I like the way Matt Vasilogambros succinctly framed the conflict between the transformation of the media industry in the Internet age, and journalism’s continuous commitment to “the investigation and reporting of events, issues, and trends to a broad audience.” He reminds us that while being first to break news and attracting large audiences is all important to the media business, truth must be the foremost goal of the journalism profession.
More than ever, given our increasingly fast paced society and disruptive business models, we need to keep in mind that “the fundamental things apply, as time goes by.”
Even in this Internet age where the news delivered not only in traditional media but also in cyberspace, real news and real views should always prevail.

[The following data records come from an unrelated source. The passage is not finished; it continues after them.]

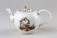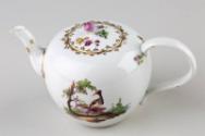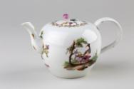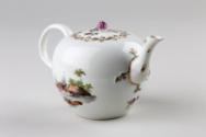 About MeA hard-paste porcelain teapot with branch handle, moulded spout and a knop moulded as a pink flower with a leaf on the cover. It has a globular body decorated with scenes depicting birds in a landscape.More About Me
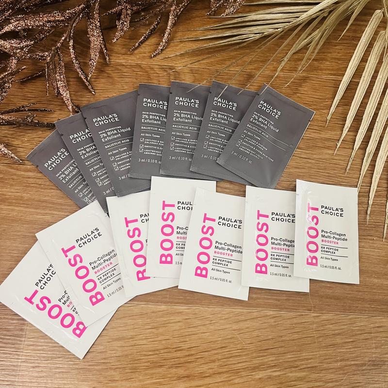 Оригинальный набор пробников Paula’s Choise, цена за все что на фото, а именно: - 2% BHA liquid exfoliant 7 шт * 3 мл - pro-collagen multi-peptide booster 7 шт * 1,5 мл
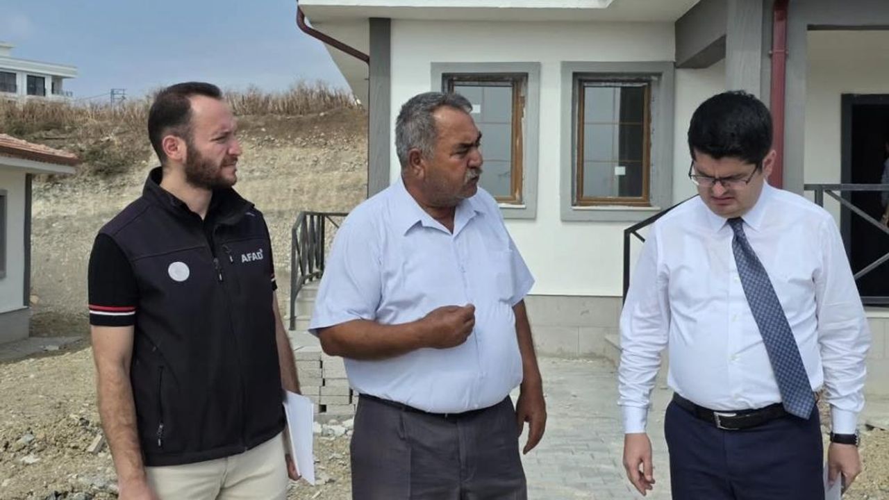 Hatay’da Arsuz Kaymakamı Fatih Eroğlu, Aşağı Kepirce Mahallesi'nde inşası süren 37 köy evindeki çalışmaları yerinde inceledi.
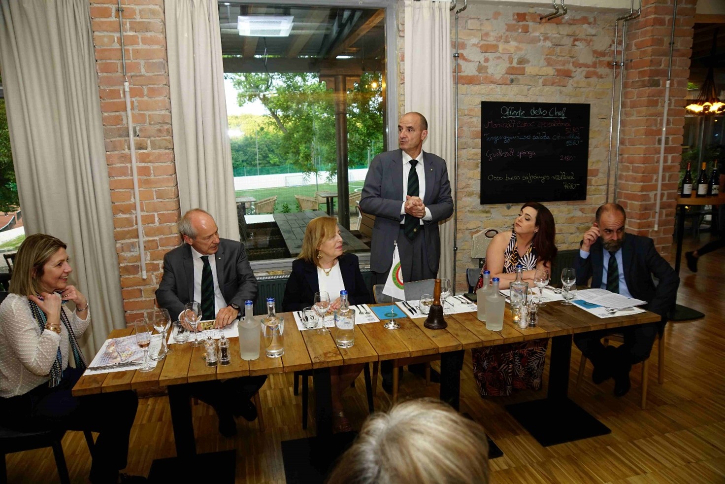 Una simpatica visita al Museo della Pesca di Santa Croce ha preceduto il convivio d’estate, sul Carso triestino, presso l’agriturismo Ostrouska, allietato dal buon cibo e da una leggera brezza che ha reso ancor più godibile la serata. Guido Assereto Simposiarca, Sharon in cucina, un giovane staff di professionisti ai tavoli e prodotti a Km 0 sono stati i protagonisti della serata. Interessanti gli gnocchi alla barbabietola con salsiccia, la tartara di Angus e la lonza di maiale con mela caramellata e pancetta. Vini autoctoni di propria produzione. A fine serata, accompagnato da un caloroso applauso, Gianluca Puppin ha ricevuto le insegne di neo Accademico della Delegazione di Trieste.
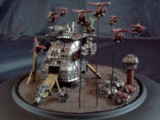 Making a snotling the size of a stompa in 28mm scale was not practical, so instead here is an epic scale (6mm) diarama of the overgrown snotling coming under attack from ork deathcopters. The snotling itself was made from an older 40k scale gretchin with its weapons removed, while the other models came from the Epic range. The control tower is part of the gargant kit mounted on a short piece of plastic pipe. The base is an upturned plastic plate with a 5" blast template placed inside. |
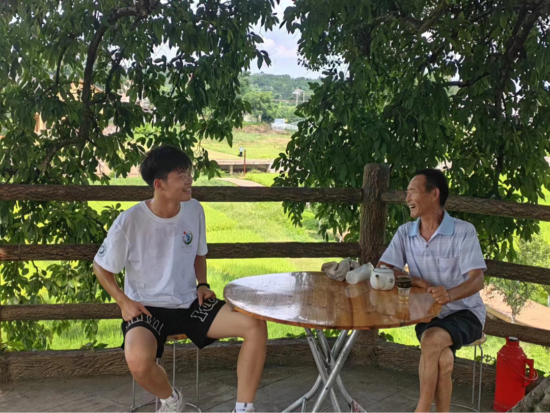 图为实践队员与当地村民谈论当今美好生活与政府帮扶政策的场景。中国青年网通讯员 宋佳怡 供图
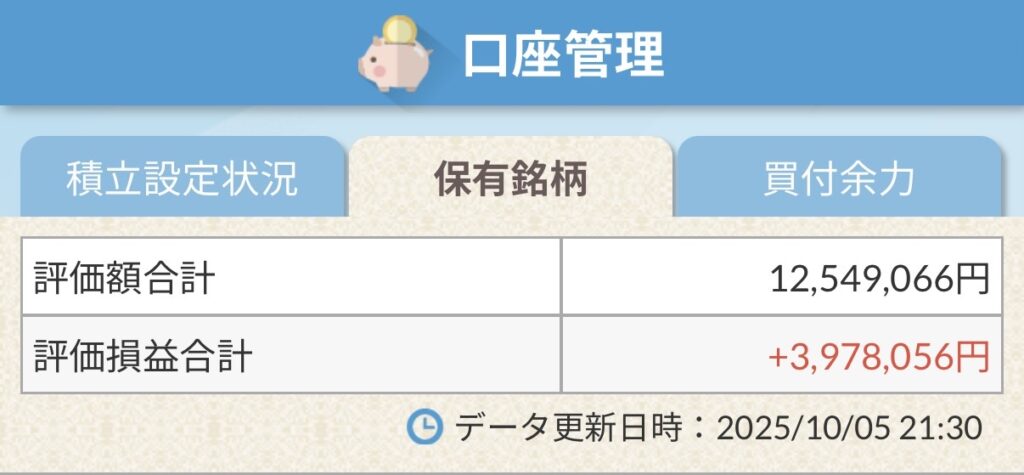 評価額合計は12,549,066円になりました。変わらず評価額1,200万円台を推移しています。
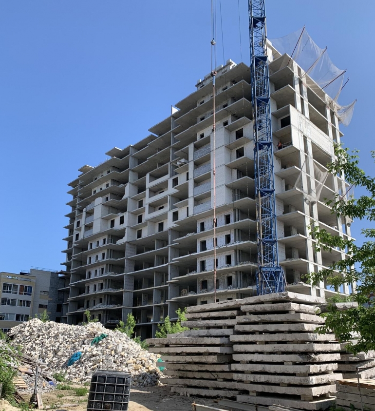 При этом до 15 июня на Красноармейской шла работа: монтировали железобетонные плиты перекрытий пятого этажа, выполняли кирпичную кладку стен. После денег на кирпичную кладку не осталось, сейчас генподрядчик ведет устройство монолитного пояса пятого этажа и некоторые другие работы.
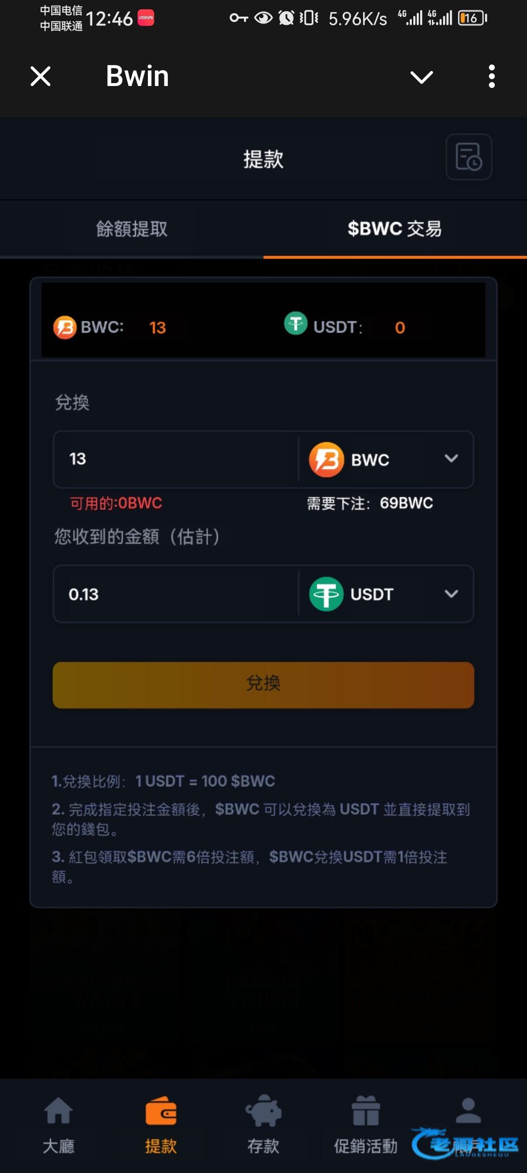 100个BWC才兑换1USDT

Posted by: Eleazar | Entrepinoy Bank | August 17, 2010 at 12:10 PM
Good article. I think about journalism and its future a lot. I see journalism as helping opur communities and individuals tell their stories and to communicate those stories to a broader audience. It is so easy to get siloed in our own small worlds not knowing what goes on next door. And now our technologies make it easier than ever for us to "preach to the choir" and have a blinkered view of the world where we communicate with like-minded people all the time.

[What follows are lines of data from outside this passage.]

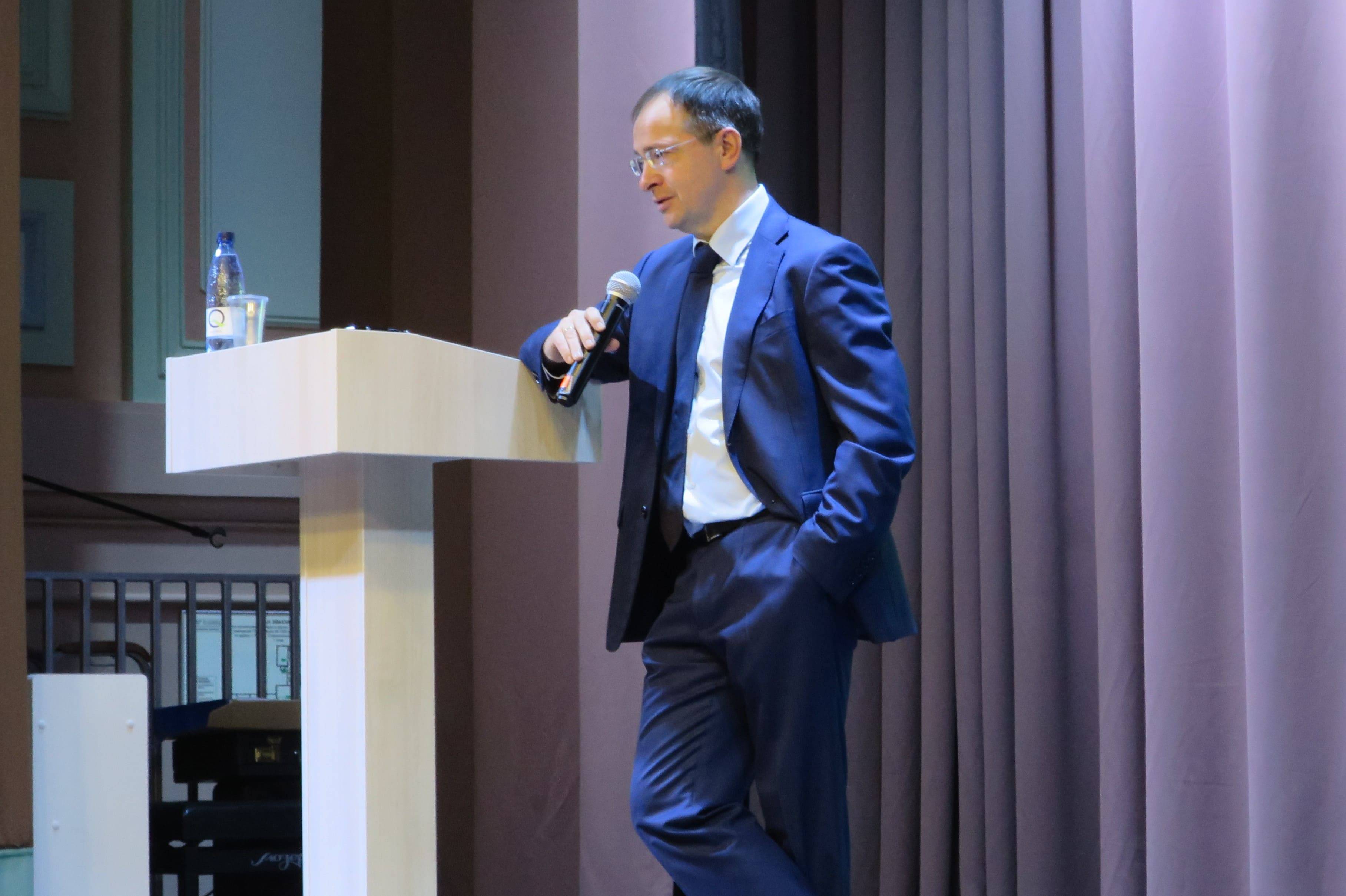 - Сейчас такое время, когда, зачастую, очень многое зависит от первого впечатления, которое вы производите на работодателя, клиента, партнера, заказчика или начальника. И надо уметь это впечатление произвести. Поэтому вы должны уметь делать хорошие презентации, уметь убедительно говорить, показывать глубокие знания. Когда вы рассказываете о каком-то предмете на уроке или экзамене, у учителя должно складываться ощущение, что вы знаете в пять раз больше, чем успеете сказать. Если вы выцеживаете из себя каждое слово, значит, грош вам цена. Навыки презентации – это крайне важно в современном мире, - подчеркнул Владимир Мединский.
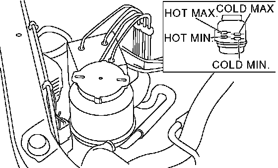 3. Inspect fluid level on flat and level surface with engine OFF by indicator of reservoir tank.
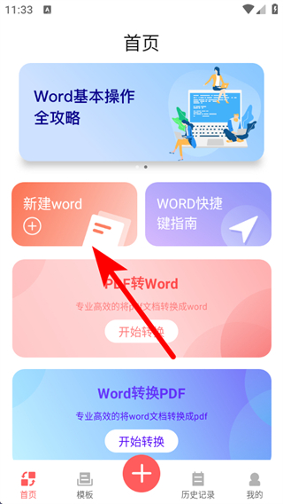 1、打開軟件,在首頁(yè)點(diǎn)擊新建word,進(jìn)入文檔編輯界面。

One key role for journalists is to help us know more abut each other so that we aren't strange to each other. And that will contribute to a better society, imho.
Ted Nelson said that as fish live in water we live in media. People often cry that the media is dying but that is not true, we now have more media in more forms, at any time of the day than ever in our history. And there is more coming, a veritable media tsunami. How will that change us?
Media is the way our society "thinks." And just as in software engineering we have "garbage in, garbage out," a high quality media will help us make the right decisions. And there are many important decisions to be made, individual and as a society: education, environment, economy, ecology, energy, elder care ... and those are just the ones that start with "e" there are plenty more!
Garbage media will lead to bad decisions which is why figuring a way to pay for quality media/quality journalism is very important. I look at it as one of *the* most important and most challenging problems that we face today.
Posted by: Tom Foremski | August 18, 2010 at 06:48 PM
Thanks for the Shirley Sherrod Story. This is an excellent example of how thwarting communication and polarizing an emotive subject can lead to irresponsible journalism. In fact , this is precisely the reason why we must view everything we read and watch with a grain of salt as a journalist may ulterior motives for presenting an article or a program with certain biases.